There are also several works of reportage in the collection, with John Hersey's Hiroshima being one of the most well-known:
Dr Sasaki and his colleagues at the Red Cross Hospital watched the unprecedented disease unfold and at last evolved a theory about its nature. It has, they decided, three stages. The first stage has been all over before the doctors even knew they were dealing with a new sickness; it was the direct reaction of the bombardment of the body, at the moment the bomb went off, by neutrons, beta particles and gamma rays.
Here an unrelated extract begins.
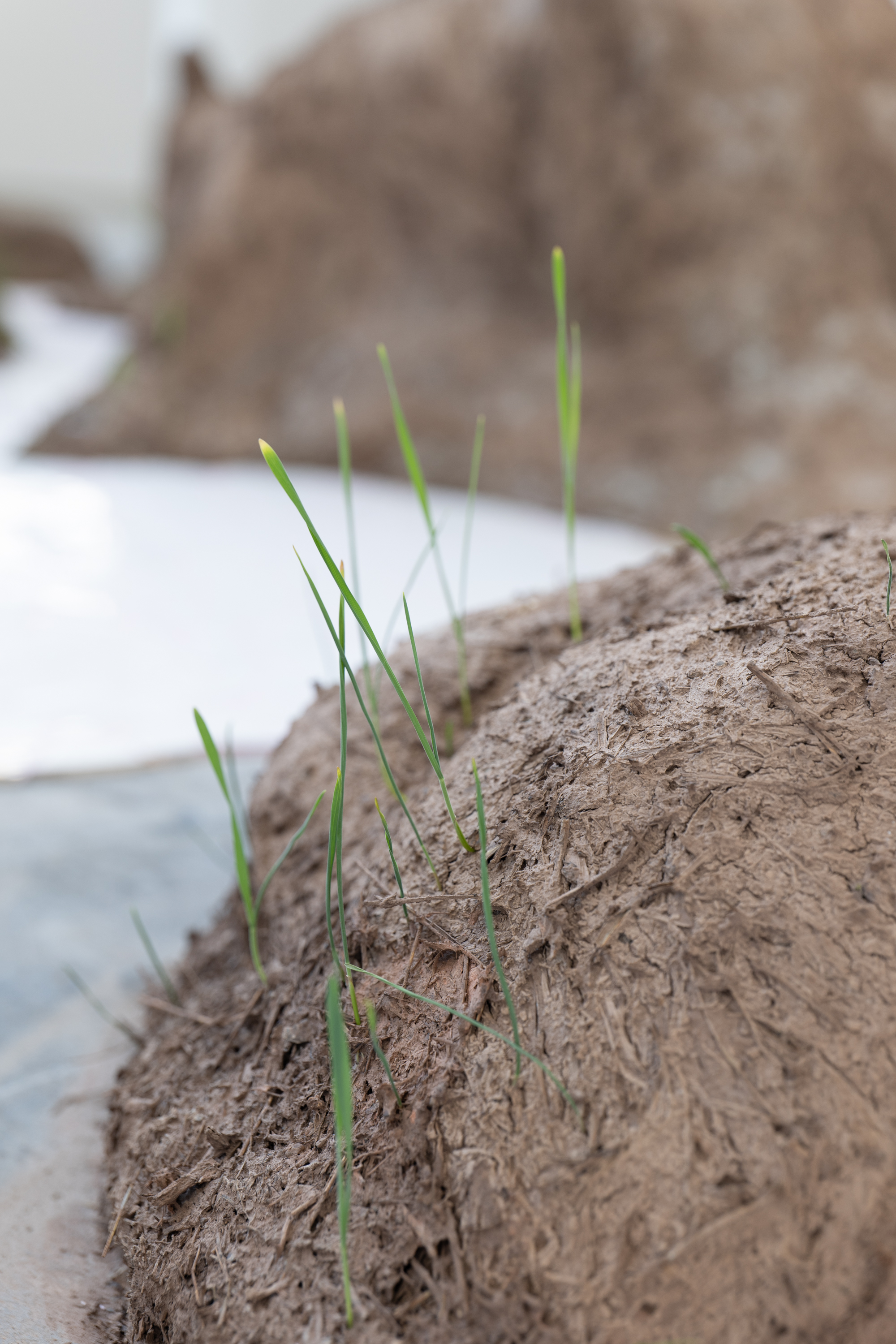 Cette proposition a démarré il y a un an, découvrant dans les bois un monument fort particulier, caché, commémorant une guerre, devenu lieu de culte pour l’extrême droite. La décision était alors de reproduire son socle et de lui trancher l’obélisque. Naquît alors un second monument. Nous avons célébré avec humour ce nouveau venu. Suite à cela, la structure s’est peu à peu désactivée. L'eau s’est écoulée sur le sol, les joints ont craqué. Plus tard, dans l’espace voisin, un homme tourmenté sonna une cloche durant huit heures. Aujourd’hui, ces expériences se rencontrent, proposant au spectateur d’observer le paysage hypothétique du cours d’eau, liquide devenant solide, un moment de cristallisation.

The apparently uninjured people who had died so mysteriously in the first few hours or days had succumbed to this first stage...The second stage set in ten or fifteen days after the bombing...Twenty-five to thirty days after the explosion, blood disorders appeared, gums bled, the white-blood-cell count dropped sharply and petechiae appeared on the skin and mucous membranes...The third stage was the reaction that came when the body struggled to compensate for its ills...In this stage many patients died of complications, such as infections within the chest cavity. Most burns healed with deep layers of pink, rubbery scar tissue, known as keloid tumours.
Among his impressions of the city, provided here was some of the earliest descriptions of the radiation sickness.
Although not specialist medical libraries, collections found in other School of Advanced Study institutes are also relevant. The collections of the Institute of Classical Studies hold many works on medicine in the Greek and Roman worlds, while the Warburg Institute has many works on medieval and early modern medicine.
Moreover found within the vast collections of Senate House Library one can find extensive holdings on the history of both science and medicine.